Description
🚀 Feature
Add functionality to BERTTokenizer so that it does not split/tokenize special tokens like regular words.
Motivation
The HuggingFace BertTokenizer is able to recognize its own special tokens and ensure that they are not split during the tokenization process. For example, if given the following input:
"\tHeLLo!how \n Are yoU? [UNK]"
The HuggingFace (HF) tokenizer returns the "[UNK]" token un-split, whereas the TorchText (TT) tokenizer returns it split:
HF (expected): ['hello', '!', 'how', 'are', 'you', '?', '[UNK]']
TT (actual): ['hello', '!', 'how', 'are', 'you', '?', '[', 'un', '##k', ']']
Pitch
A never_split
keyword argument at the constructor-level which enables the user to specify which tokens to ignore during tokenization. Such a keyword argument would be flexible and give the user the freedom to adapt to various other tokenization schemes.

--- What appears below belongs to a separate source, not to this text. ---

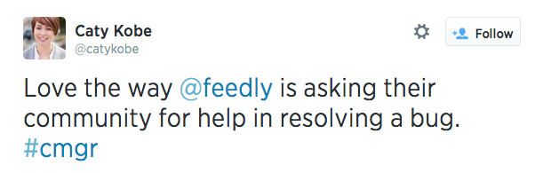 – Нравится, как @feedly просит помощи аудитории в устранении багов.

An example interface:
tt_tokenizer = BERTTokenizer(
vocab_path=vocab_file,
do_lower_case=True,
return_tokens=True,
never_split=[
"[UNK]",
"[CLS]",
"[SEP]",
"[PAD]",
],
)
This closely matches the existing HuggingFace BertTokenizer interface (constructor level kwarg here, tokenize
function implementation here).
If the user were able to instantiate the HuggingFace tokenizer with which they were attempting to achieve parity, the user could trivially assign the never_split
keyword argument to its special tokens:
import transformers
hf_tokenizer = transformers.AutoTokenizer.from_pretrained("bert-base-uncased")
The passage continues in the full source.